(Material for the task begins)

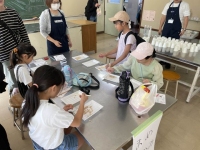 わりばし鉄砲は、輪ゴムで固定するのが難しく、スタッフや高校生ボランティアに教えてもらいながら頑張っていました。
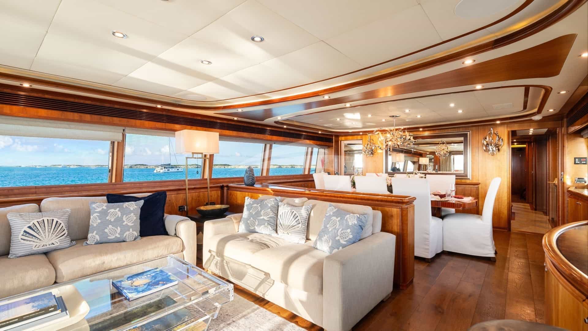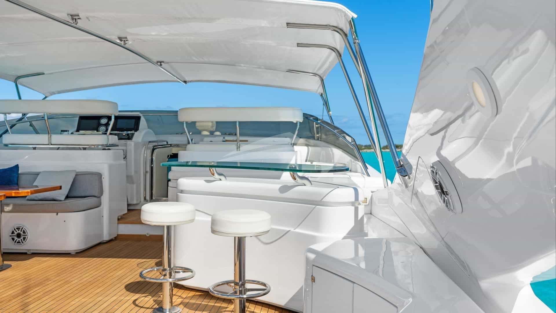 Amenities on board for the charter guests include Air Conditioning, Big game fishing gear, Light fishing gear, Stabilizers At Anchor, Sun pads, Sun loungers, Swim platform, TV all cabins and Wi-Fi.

(Material for the task ends)
(Material for the task begins)

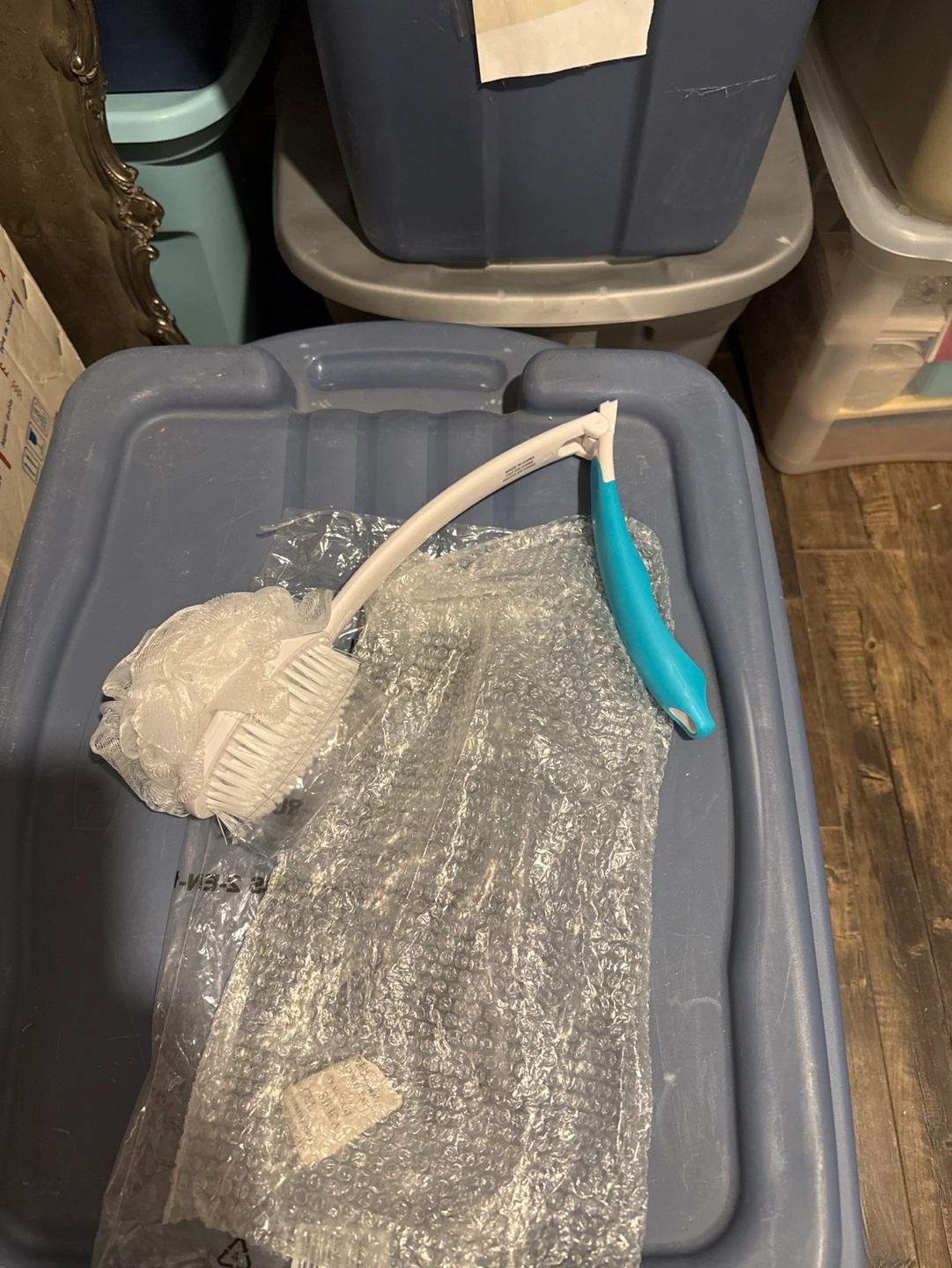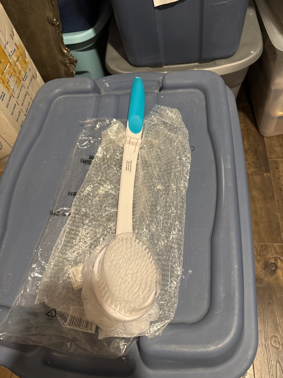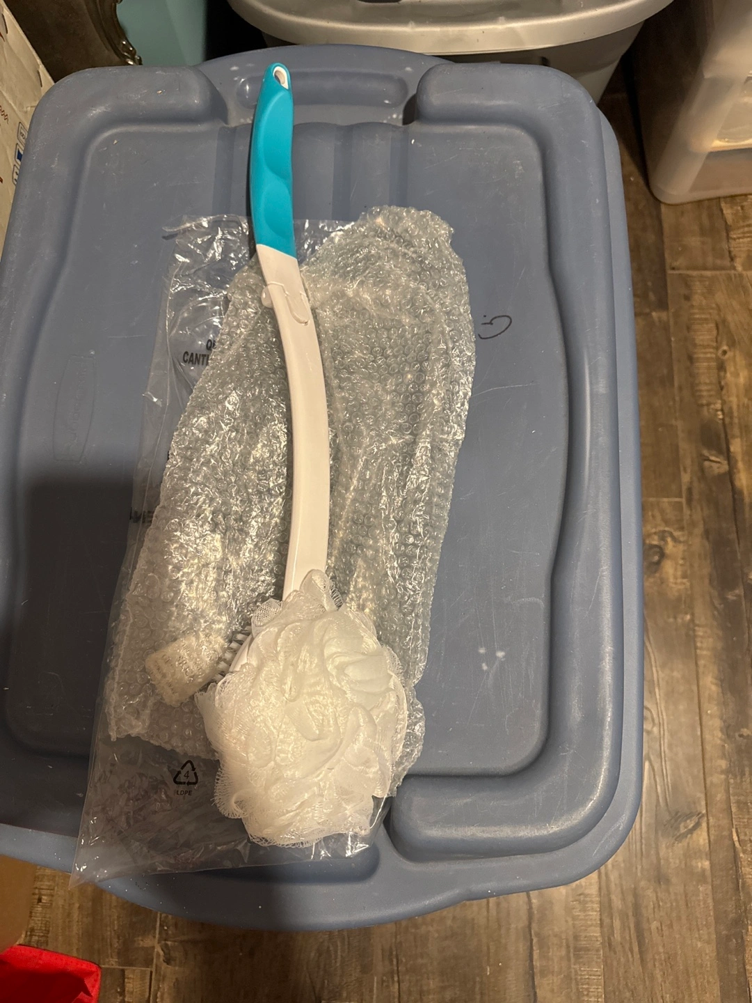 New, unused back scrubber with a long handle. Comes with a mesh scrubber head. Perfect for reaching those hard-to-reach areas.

(Material for the task ends)
(Material for the task begins)

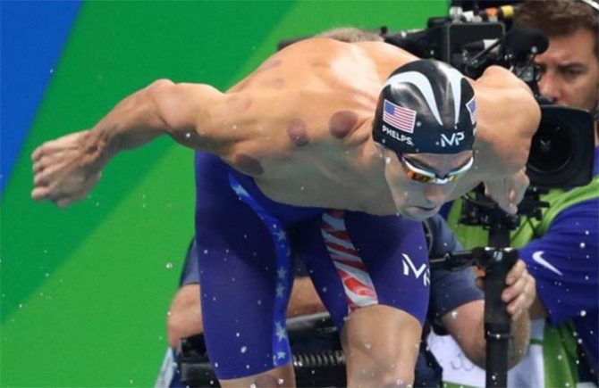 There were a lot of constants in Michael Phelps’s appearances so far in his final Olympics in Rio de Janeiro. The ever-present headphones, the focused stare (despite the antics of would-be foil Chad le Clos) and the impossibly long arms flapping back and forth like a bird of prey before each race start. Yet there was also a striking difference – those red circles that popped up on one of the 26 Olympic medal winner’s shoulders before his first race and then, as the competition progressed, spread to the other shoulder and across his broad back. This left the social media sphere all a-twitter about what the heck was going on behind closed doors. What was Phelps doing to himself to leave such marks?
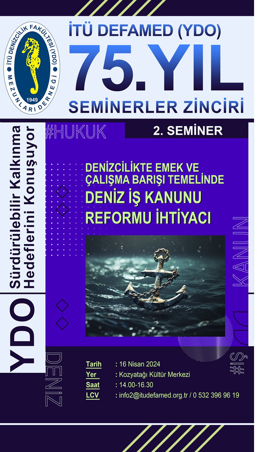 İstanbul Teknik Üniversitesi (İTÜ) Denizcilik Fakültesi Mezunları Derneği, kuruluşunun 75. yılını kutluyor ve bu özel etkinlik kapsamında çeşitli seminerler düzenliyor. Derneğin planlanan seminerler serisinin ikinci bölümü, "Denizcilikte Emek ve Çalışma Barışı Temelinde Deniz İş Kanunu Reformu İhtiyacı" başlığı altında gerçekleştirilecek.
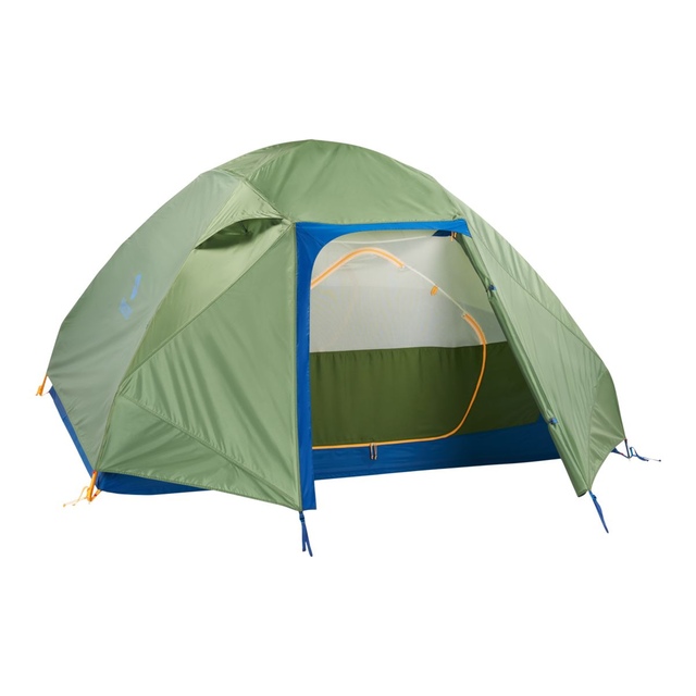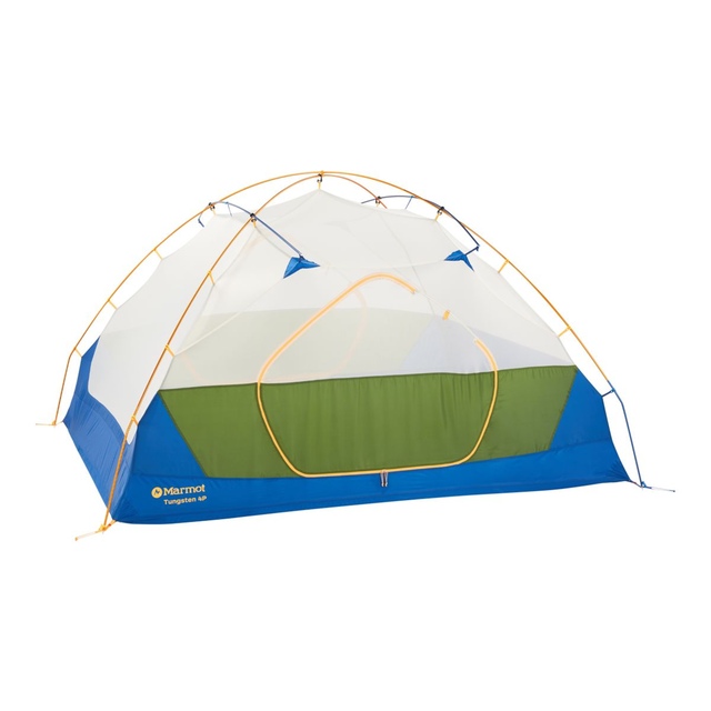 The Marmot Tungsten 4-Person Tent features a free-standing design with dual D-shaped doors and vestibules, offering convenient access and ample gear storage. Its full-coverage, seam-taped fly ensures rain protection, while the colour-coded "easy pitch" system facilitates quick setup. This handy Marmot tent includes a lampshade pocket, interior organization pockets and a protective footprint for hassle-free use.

(Material for the task ends)

**Problem requirements**.
Look back at the data above, then output exactly the lines from the line holding "わりばし鉄砲は、輪ゴムで固定" up to and including the line holding "Amenities on board". Leave out the pictures.

**Exercise output**.
 わりばし鉄砲は、輪ゴムで固定するのが難しく、スタッフや高校生ボランティアに教えてもらいながら頑張っていました。
 Amenities on board for the charter guests include Air Conditioning, Big game fishing gear, Light fishing gear, Stabilizers At Anchor, Sun pads, Sun loungers, Swim platform, TV all cabins and Wi-Fi.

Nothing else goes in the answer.